▶ Problem requirements
Write out, word for word and with no pictures, each line below from the one containing "标题 | 重庆市梁平区2024年地方政府债务限额调整情况表 |" through the one containing "Effect of COS", both included, and no other line.

▶ Excerpted data
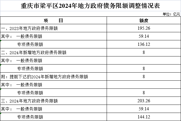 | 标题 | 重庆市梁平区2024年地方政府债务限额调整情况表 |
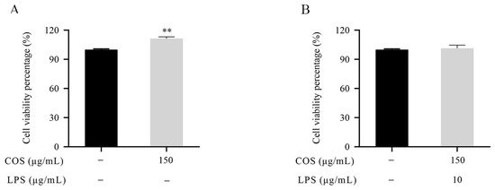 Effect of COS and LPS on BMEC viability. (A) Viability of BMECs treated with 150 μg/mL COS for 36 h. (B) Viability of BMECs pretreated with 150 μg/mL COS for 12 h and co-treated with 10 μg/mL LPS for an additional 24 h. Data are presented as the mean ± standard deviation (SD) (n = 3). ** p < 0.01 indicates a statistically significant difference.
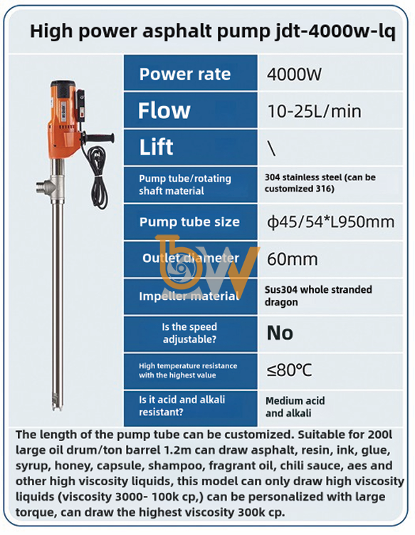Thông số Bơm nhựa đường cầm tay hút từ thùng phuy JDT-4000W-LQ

--

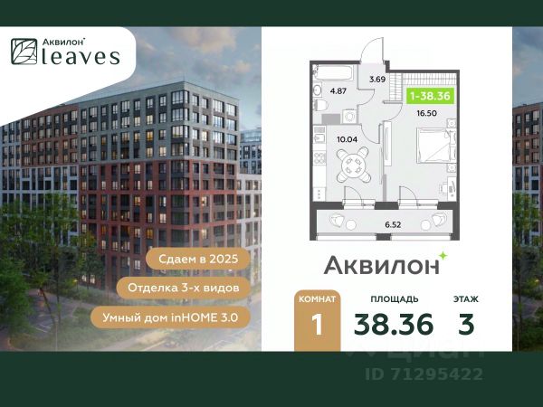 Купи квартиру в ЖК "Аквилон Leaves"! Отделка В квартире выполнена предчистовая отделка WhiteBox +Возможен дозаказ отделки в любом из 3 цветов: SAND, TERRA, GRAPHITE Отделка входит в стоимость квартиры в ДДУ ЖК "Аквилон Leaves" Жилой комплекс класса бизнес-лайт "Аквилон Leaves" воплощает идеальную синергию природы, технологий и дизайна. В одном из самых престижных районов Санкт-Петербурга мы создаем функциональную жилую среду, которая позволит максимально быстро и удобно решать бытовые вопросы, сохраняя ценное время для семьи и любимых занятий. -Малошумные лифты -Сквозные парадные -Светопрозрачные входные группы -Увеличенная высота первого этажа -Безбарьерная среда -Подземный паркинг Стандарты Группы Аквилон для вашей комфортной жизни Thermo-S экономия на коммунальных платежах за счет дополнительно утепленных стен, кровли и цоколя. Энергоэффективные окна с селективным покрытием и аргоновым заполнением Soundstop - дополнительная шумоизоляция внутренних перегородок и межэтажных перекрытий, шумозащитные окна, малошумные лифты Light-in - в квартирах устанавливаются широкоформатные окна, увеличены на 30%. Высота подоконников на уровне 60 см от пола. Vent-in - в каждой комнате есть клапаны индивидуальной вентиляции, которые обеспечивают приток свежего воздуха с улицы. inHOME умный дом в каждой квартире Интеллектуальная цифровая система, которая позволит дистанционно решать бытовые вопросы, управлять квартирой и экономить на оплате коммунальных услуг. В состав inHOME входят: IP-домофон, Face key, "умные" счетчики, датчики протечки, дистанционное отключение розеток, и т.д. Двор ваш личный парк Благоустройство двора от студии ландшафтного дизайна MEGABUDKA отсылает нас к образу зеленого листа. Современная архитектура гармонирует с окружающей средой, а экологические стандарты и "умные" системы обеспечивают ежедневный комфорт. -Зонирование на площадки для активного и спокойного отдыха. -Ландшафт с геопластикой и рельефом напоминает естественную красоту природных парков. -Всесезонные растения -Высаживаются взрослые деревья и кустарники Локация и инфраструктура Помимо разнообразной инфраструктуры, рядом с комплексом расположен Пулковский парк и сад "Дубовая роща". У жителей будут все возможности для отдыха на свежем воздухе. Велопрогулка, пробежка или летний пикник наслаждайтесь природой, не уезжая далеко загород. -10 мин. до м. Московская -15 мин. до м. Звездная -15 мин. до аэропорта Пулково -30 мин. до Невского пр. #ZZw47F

▶ Your response
 | 标题 | 重庆市梁平区2024年地方政府债务限额调整情况表 |
 Effect of COS and LPS on BMEC viability. (A) Viability of BMECs treated with 150 μg/mL COS for 36 h. (B) Viability of BMECs pretreated with 150 μg/mL COS for 12 h and co-treated with 10 μg/mL LPS for an additional 24 h. Data are presented as the mean ± standard deviation (SD) (n = 3). ** p < 0.01 indicates a statistically significant difference.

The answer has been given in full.